Permission to Appeal

[12] In unfair dismissal matters, permission to appeal can only be granted if the Commission considers that it is in the public interest to do so: s.400 (1) of the Act. The way in which the public interest may be attracted has been described as follows 2:

    “... the public interest might be attracted where a matter raises issue of importance and general application, or where there is a diversity of decisions at first instance so that guidance from an appellate court is required, or where the decision at first instance manifests an injustice, or the result is counter intuitive or that the legal principles applied appear disharmonious when compared with other recent decisions dealing with similar matters. 

[13] The decision under appeal is a discretionary one. Such a decision can only be challenged on appeal if it is shown that the discretion was not exercised correctly. It is not open to an appeal bench to substitute its view on the matters that fell for determination in the absence of error of an appealable nature in the decision at first instance. We have considered all of the grounds of appeal and the arguments advanced in relation to them.

[14] As to the first ground, we accept that the date of the new contract in the Deputy President’s decision is not correct. However we do not believe that the mistake was of any significance to the conclusions he reached.

[15] In our view the second ground does not have substance. The Deputy President evaluated the evidence of Ms Shone’s conduct in relation to the grounds of termination that Compac had lost faith and confidence in her. While such grounds are more serious than unsatisfactory performance issues, there is a clear overlap between the concepts of unsatisfactory performance and losing faith and confidence.

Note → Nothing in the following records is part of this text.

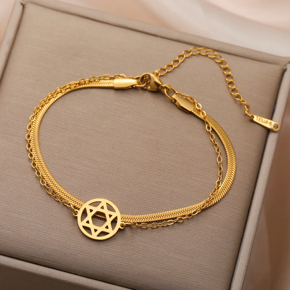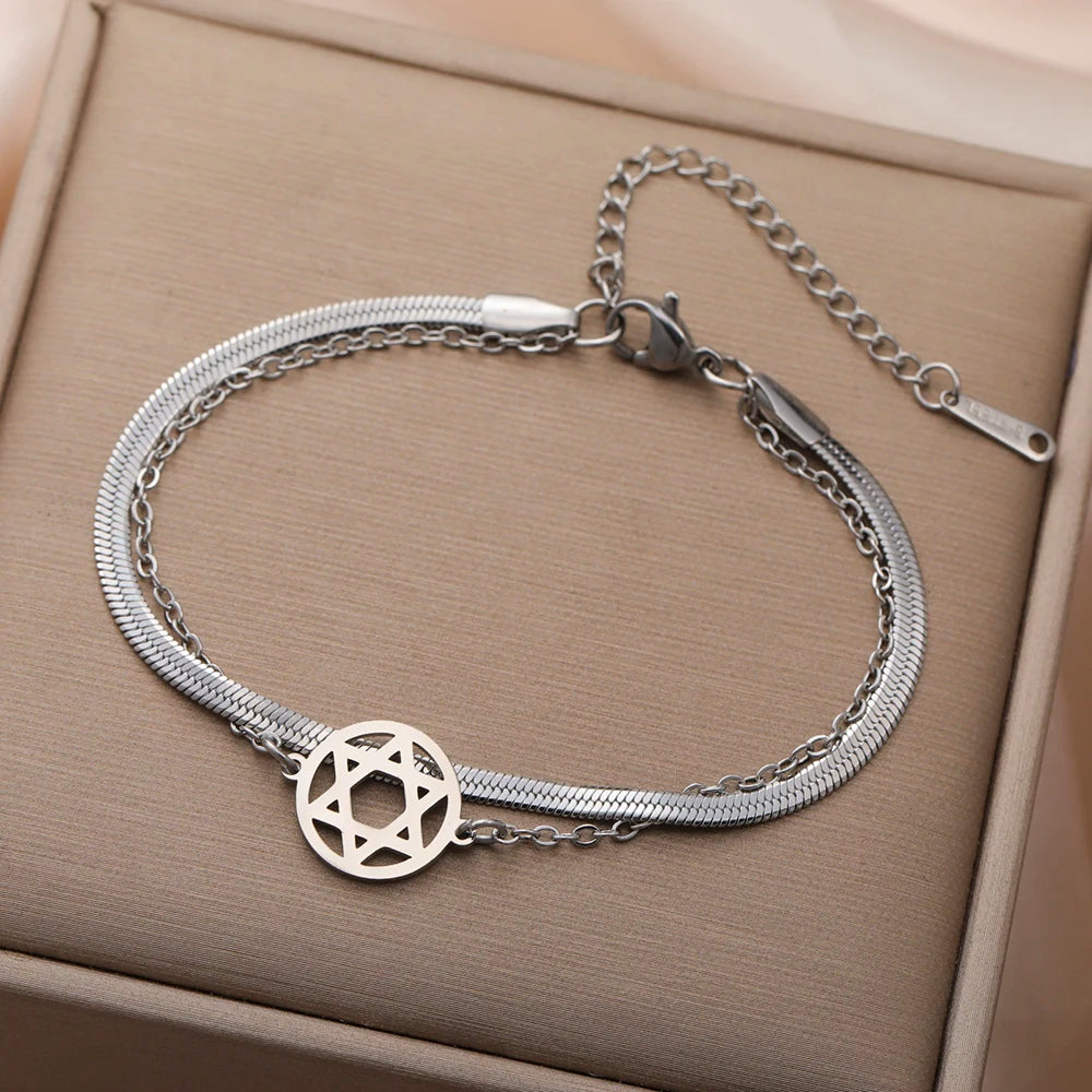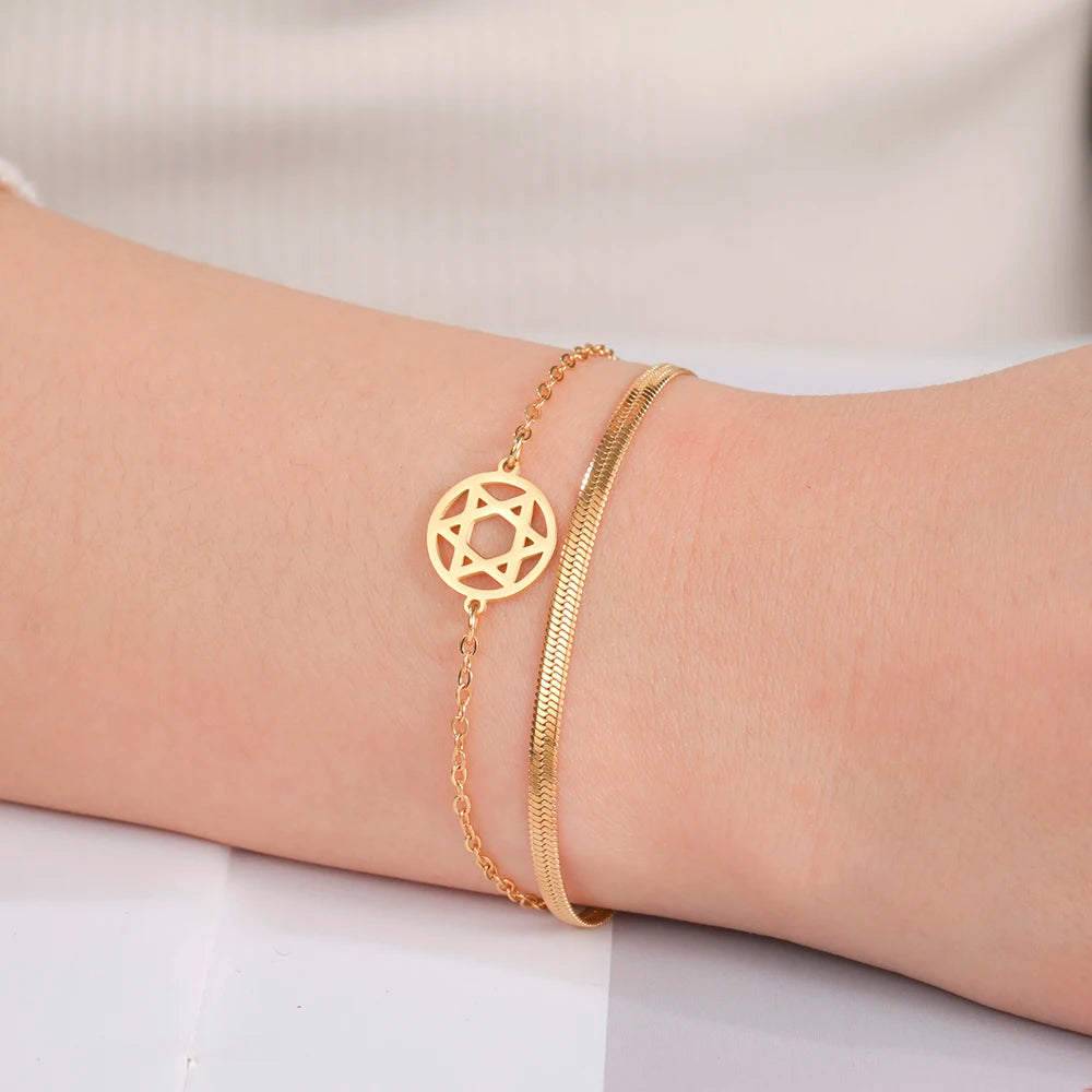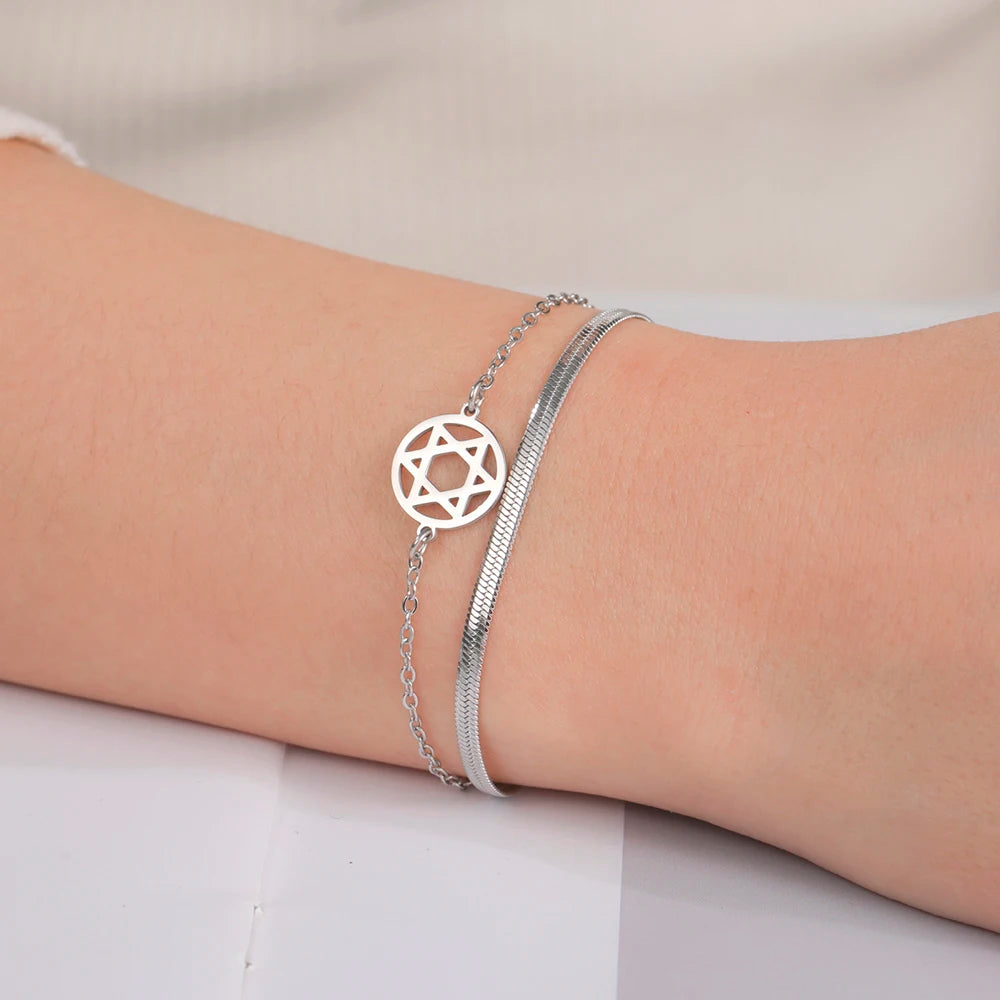 צמיד אלגנטי עם תליון מגן דוד בעיצוב נקי ומאוזן, המשתלב בקלות עם כל סגנון לבוש. הצמיד מתאים גם לנשים וגם לגברים, ונראה מצוין כפריט בפני עצמו או בשילוב עם צמידים נוספים.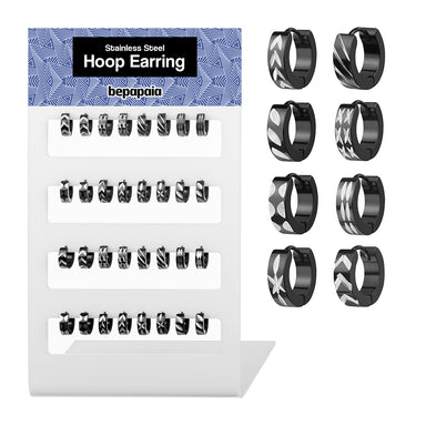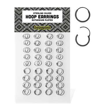 Orecchini a cerchio huggie in acciaio nero lucidato di varie dimensioni. Un espositore essenziale se stai cercando orecchini per ragazzi.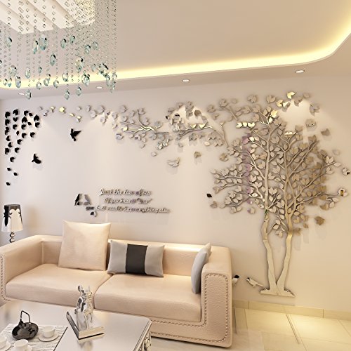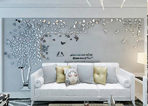 -. Title : N.SunForest 3D Crystal Acrylic Couple Tree Wall Stickers Silver Self-adhesive DIY Wall Murals Home Decor Art

The matters involved financial irregularities that operated to Ms Shone’s financial advantage and arose from accounting practices that were not transparent. It is clear from a full reading of the Deputy President’s decision that he considered all of the evidence and made relevant findings that provided a basis for his conclusion.

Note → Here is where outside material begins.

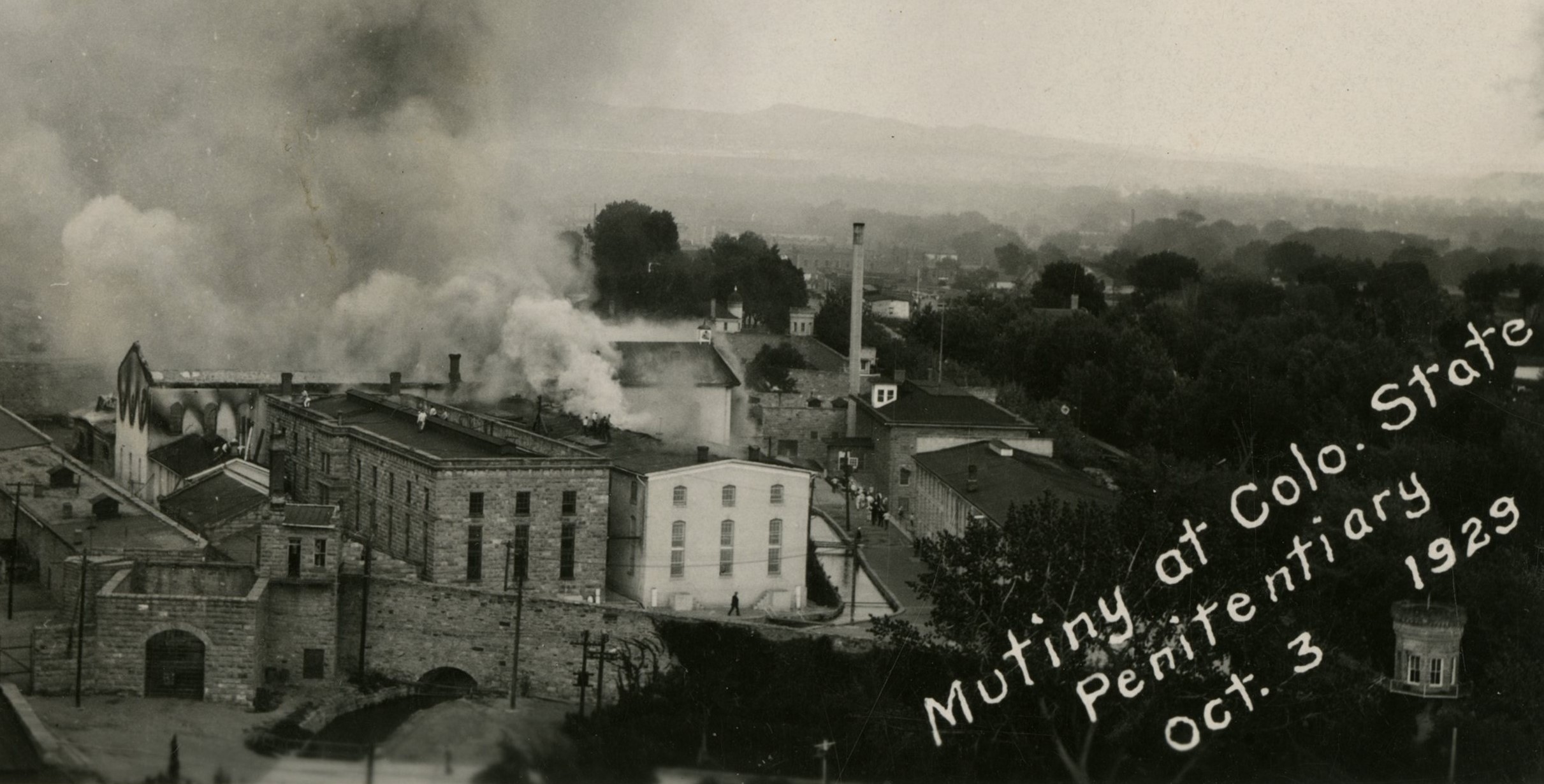 CANON CITY, Colo., Oct. 4. The mutiny of prisoners, goaded to desperation by the bestial regime existing in the overcrowded penitentiary here, ended today with seven guards and six prisoners dead, and the penitentiary buildings a mass of ruins as a result of fire and the all night battle between prisoners inside one of the cell blocks and the guards, militia and recruits from the town and countryside who swarmed to the scene when the outbreak occurred yesterday noon.

[16] The third ground of appeal seeks to challenge findings made by the Deputy President based on various aspects of the evidence, not summarised by his Honour or not considered persuasive by him. This ground seeks to re-argue the factual circumstances based on the evidence led in the matter. It is evident from his Honour’s decision that the circumstances concerned a small employer who entrusted much of the financial matters of the business to Ms Shone. Based on a review of the financial circumstances by its new Business Manager, Mr Grant, it formed the view that previous financial dealings were not sound. There is considerable conflict in the evidence over many of the matters that gave rise to the concerns of Mr Grant and senior management. The Deputy President heard this evidence and evaluated it in making the findings that he made. It has not been demonstrated that his Honour made any errors in the assessment of this evidence or the exercise of his discretion in the matter.

[17] We are also of the view that the fourth and fifth grounds lack substance. The Deputy President did consider each of the factors in s.387 of the Act in the extract from his decision set out above. It has not been shown that his Honour did not exercise the discretion vested in the Commission or that there are any errors in the decision-making process.

[18] For these reasons we are not of the view that the grounds of appeal have substance. Nor do we believe that, individually or collectively, the grounds attract the public interest. We therefore decline to grant permission to appeal and dismiss the application for permission to appeal.

VICE PRESIDENT WATSON

Appearances:

Ms J Shone appeared on her own behalf.

Mr P Mullally on behalf of Compaq Marketing Pty Ltd.

Hearing details:

2014.

Sydney (and VC to Perth).

11 February.

Final written submissions:

Ms Shone, 17 January 2014

 1  [2013] FWC 7662.

 2   GlaxoSmithKline Australia Pty Ltd v Colin Makin [2010] FWAFB 5343, at [27].